Aeshnina Azzahra Aqilani just returned to Indonesia after attending an invitation from the Plastic Soup Foundation in Amsterdam. The teenager familiarly called Nina went with her parents, Prigi Arisandi and Daru Setyo Rini, to attend the Plastic Health Summit as a speaker from Indonesia. 

While attending the event, Nina spoke about the waste trade, where developed countries smuggle their waste illegally to Indonesia. This can pollute the Indonesian environment.

"We just found the fact that the waste is dumped into developed countries. We cried hearing this fact," Nina said. This 14-year-old teenager also was allowed to see Plastic Recycling Center in Amsterdam. Nina told from all the waste collected there (Plastic Recycling Center), only 60 percent of the plastic waste. For other debris such as tin, aluminum, paper, textiles sent to the incinerator or burned. 



"They only process 80 percent of the waste, and they use water to wash the waste. When I asked where the water was disposed of, they said they recycle the water, but the waste from recycling is quite enormous. They need 50 percent of new plastic seeds to produce new products by using sophisticated machines," Nina said. 

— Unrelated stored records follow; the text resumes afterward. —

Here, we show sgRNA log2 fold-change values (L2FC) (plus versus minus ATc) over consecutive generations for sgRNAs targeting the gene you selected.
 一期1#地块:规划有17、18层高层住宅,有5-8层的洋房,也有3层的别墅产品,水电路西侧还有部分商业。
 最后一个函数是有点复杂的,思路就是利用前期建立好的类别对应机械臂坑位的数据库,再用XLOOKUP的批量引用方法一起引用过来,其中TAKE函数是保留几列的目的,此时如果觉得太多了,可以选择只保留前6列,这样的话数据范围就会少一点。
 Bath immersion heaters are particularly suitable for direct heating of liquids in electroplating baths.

Not only that, during three weeks in Amsterdam, Nina also visited Groningen, Leiden, and walked along the Amsterdam canals. She admits that the Dutch are trying very hard to use renewable sources of electricity such as windmills and solar panels.

"Three weeks in Amsterdam and one week in the UK are certainly a lot of new experiences and knowledge. Moreover, I met researchers who researched microplastics in the placenta, blood, fruit, and microplastics' impact on humans. I also invite Dutch citizens to reduce single-use plastics, " Nina said. 

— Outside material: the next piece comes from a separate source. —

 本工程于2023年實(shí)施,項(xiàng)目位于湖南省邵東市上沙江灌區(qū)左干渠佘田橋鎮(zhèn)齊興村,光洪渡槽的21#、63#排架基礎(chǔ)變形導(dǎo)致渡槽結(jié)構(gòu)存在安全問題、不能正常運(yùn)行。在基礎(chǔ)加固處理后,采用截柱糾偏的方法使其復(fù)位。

Nina also gives a message for children in Indonesia to be encouraged to speak up for their rights. "Help us to live in a brighter future! Let's reduce single-use plastic!" She added. 

About Plastic Health Summit of 2021

On October 21, 2021, the second Plastic Health Summit was held in Amsterdam, the Netherlands. Hosted by the Plastic Soup Foundation, the event followed the first edition in 2019 (FPF reported) and featured 25 speakers from academia, policy, business, and civil society. All presentations highlighted different aspects of plastics and their impacts on health, and recordings are freely available to watch.

Other speakers addressed the ethical aspects of plastic pollution from failed recycling, where plastic waste from industrialized nations is shipped, sometimes illegally, to Indonesia, Ghana, and other countries in the Global South. Susan Shaw, Shaw Institute, highlighted child labor as a key factor with detrimental health consequences.

Daru Setyorini and Prigi Arisandi showed footage from their home Indonesia where imported plastic waste is not being recycled but burnt in non-industrial incineration, leading to air and soil contamination dioxins, and other hazardous, persistent chemicals.